# WHAT THIS TASK INVOLVES:
Leave out the pictures and retype, exactly, the lines below from the line with "Το προσκήνιο του" up to and including the line with "Die Estaiada-Brücke an", nothing more.

------ RECORD EXCERPTS

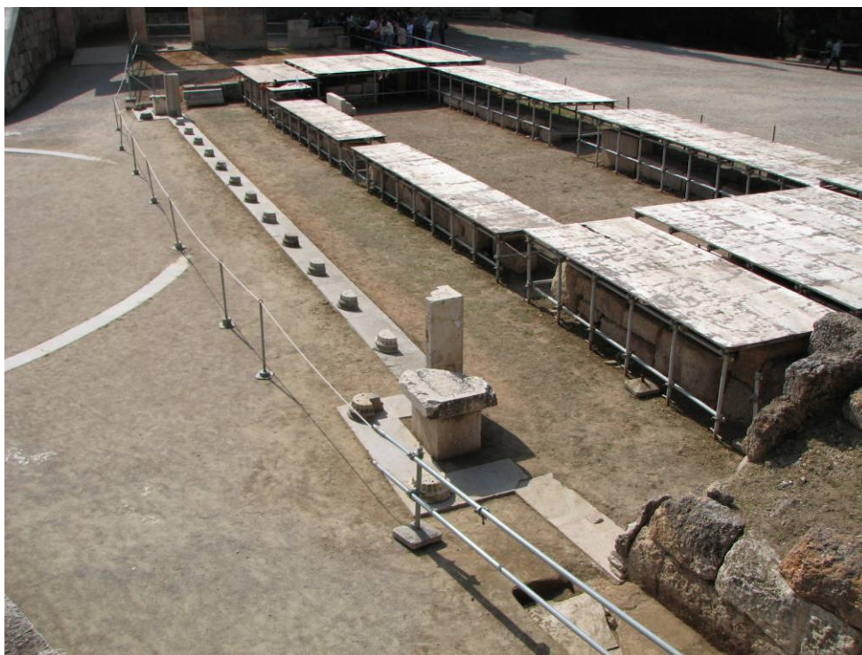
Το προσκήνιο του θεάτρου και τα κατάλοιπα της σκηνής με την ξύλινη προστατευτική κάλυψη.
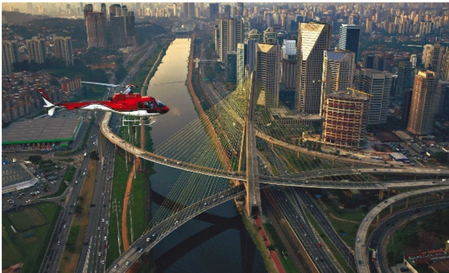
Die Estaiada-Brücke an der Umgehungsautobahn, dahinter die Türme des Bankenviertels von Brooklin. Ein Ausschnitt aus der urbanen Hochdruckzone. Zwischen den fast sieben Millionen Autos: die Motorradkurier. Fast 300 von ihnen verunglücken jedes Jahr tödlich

------------
------ RECORD EXCERPTS

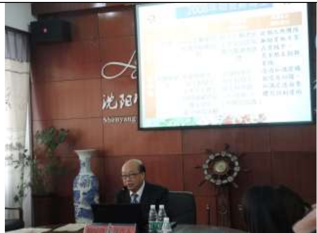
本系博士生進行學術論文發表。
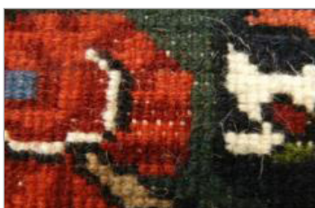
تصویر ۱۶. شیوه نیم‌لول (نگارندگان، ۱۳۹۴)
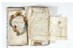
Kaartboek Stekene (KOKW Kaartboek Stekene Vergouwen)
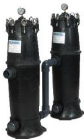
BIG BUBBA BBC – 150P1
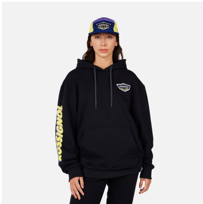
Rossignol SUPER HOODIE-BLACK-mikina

------------

# TASK ANSWER:
Το προσκήνιο του θεάτρου και τα κατάλοιπα της σκηνής με την ξύλινη προστατευτική κάλυψη.
Die Estaiada-Brücke an der Umgehungsautobahn, dahinter die Türme des Bankenviertels von Brooklin. Ein Ausschnitt aus der urbanen Hochdruckzone. Zwischen den fast sieben Millionen Autos: die Motorradkurier. Fast 300 von ihnen verunglücken jedes Jahr tödlich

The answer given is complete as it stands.